Brooks is at his strongest in the book when he’s noting not just the individual problems of contempt, but the predatory business model built around it. “America is addicted to political contempt,” Brooks notes (28), but advertisers, television executives, social media designers, and others know that—and exploit it (212). Brooks, astutely, speaks of the problem in terms of drug addiction and of those seeking to commodify contempt as “political meth dealers” (29).

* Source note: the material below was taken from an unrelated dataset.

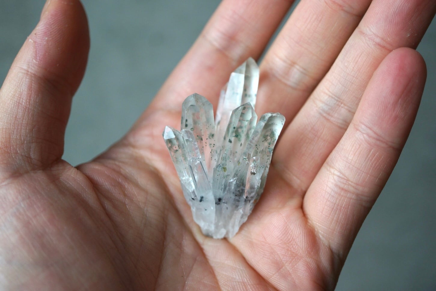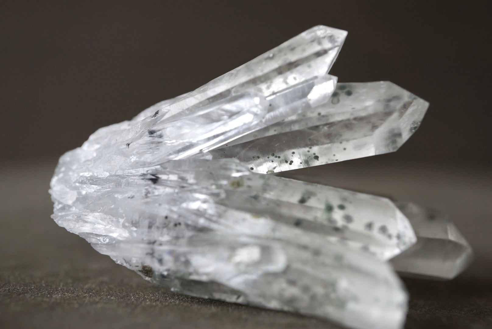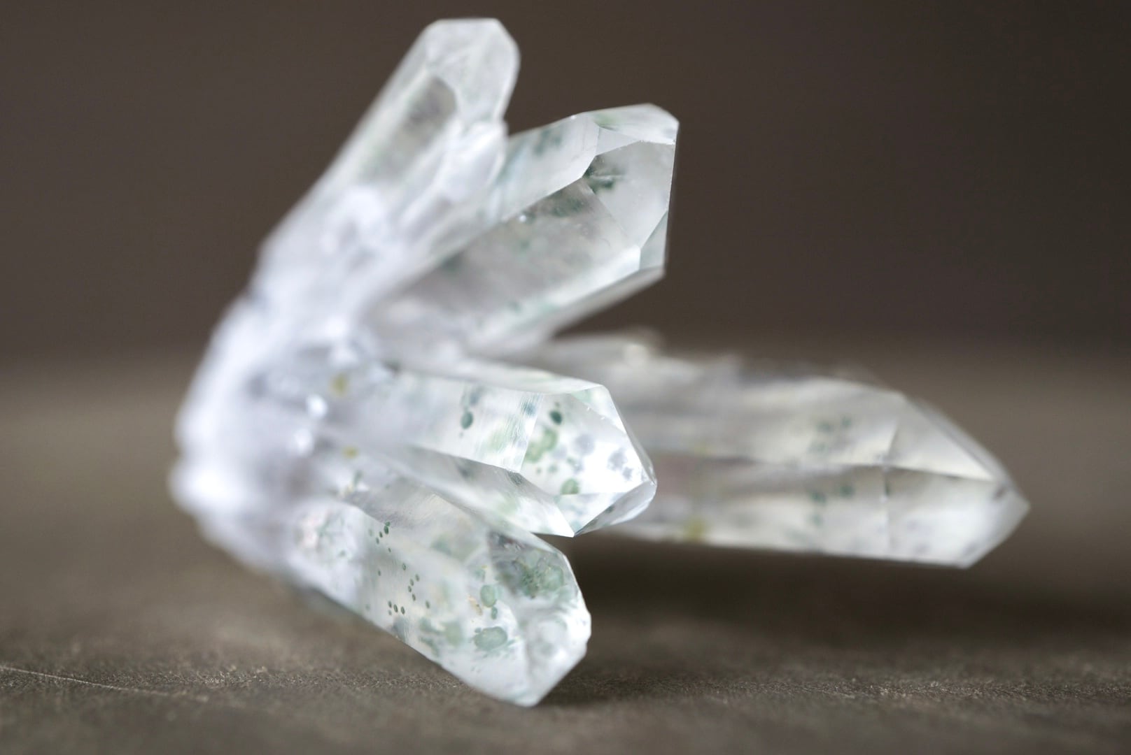 放射状に伸び上がる透明度の高い結晶の内部に、淡い緑色のクローライトが点在し、球状・斑点状に散らばる独特の表情をつくっています。

This isn’t hyperbolic language either. Studies show the way that certain social media behaviors and patterns evoke hormonal responses in the brain and how aspects of these platforms are engineered to be addictive. Furthermore, “social media intensifies our addiction by allowing us to filter out the news and opinions we disagree with, thus purifying the contempt drug” (30). In this respect, Brooks’s book serves as a sort of Surgeon General’s Warning that users would be wise not to ignore.

It’s going to take much more than mere civility or tolerance to breach this societal impasse. It’s going to take love—love that sees people first and foremost as human beings created in the image of God rather than avatars made in the image of one’s political friend or foe. It’s going to take courage—courage that is willing to stand up to someone on one’s own side for the sake of healthy disagreement. And it’s going to take wisdom—wisdom that realizes not only that “bad company corrupts good character” (1 Cor. 15:33), but also that there’s plenty of “bad company” to be found (and avoided) among those who agree with you politically.

We may be in a moment where our society finds itself standing around a cultural dumpster fire. But Love Your Enemies is a helpful book that I hope may help clear some of the smoke.